* TASK OBJECTIVE *
The records follow. Copy them exactly, but omit the pictures.

Content starts

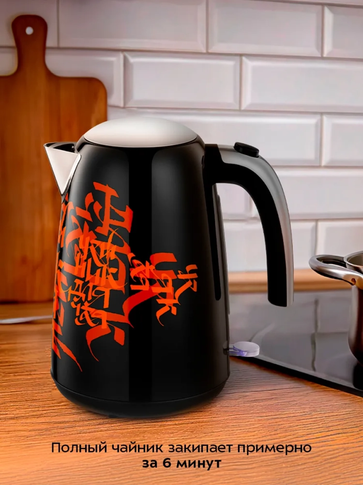 Полный чайник закипает примерно за 6 минут. Чайник автоматически отключается при закипании и снятии с подставки, имеет защиту от перегрева и от включения без воды. Чайник также оснащен фильтром от накипи.
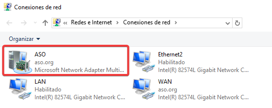 y veremos que aún tenemos conexión debido a que el adaptador ASO sigue funcionando.
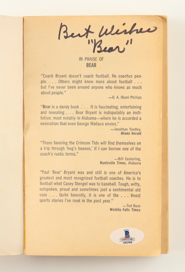 Paul Bryant Signed "Bear" Paperback Book Inscribed "Best Wishes" (Beckett)
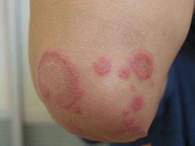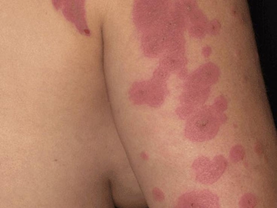 寒冷形多形红斑患者胳膊肘处会出现数量较多的环形红斑,边界还算清晰,大小不一,环形中央的皮肤颜色较浅,部分为正常肤色,伴有一定的疼痛感。
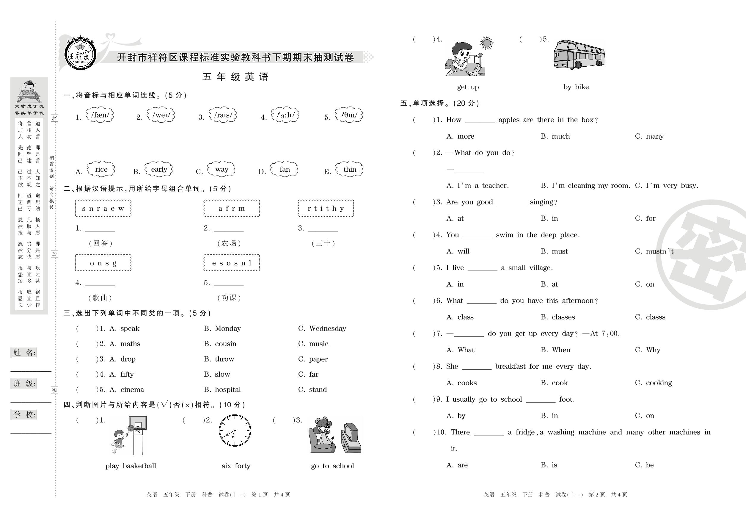 五年级英语科普版下册期末卷

Content ends

* ANSWER SPACE *
 Полный чайник закипает примерно за 6 минут. Чайник автоматически отключается при закипании и снятии с подставки, имеет защиту от перегрева и от включения без воды. Чайник также оснащен фильтром от накипи.
 y veremos que aún tenemos conexión debido a que el adaptador ASO sigue funcionando.
 Paul Bryant Signed "Bear" Paperback Book Inscribed "Best Wishes" (Beckett)
 寒冷形多形红斑患者胳膊肘处会出现数量较多的环形红斑,边界还算清晰,大小不一,环形中央的皮肤颜色较浅,部分为正常肤色,伴有一定的疼痛感。
 五年级英语科普版下册期末卷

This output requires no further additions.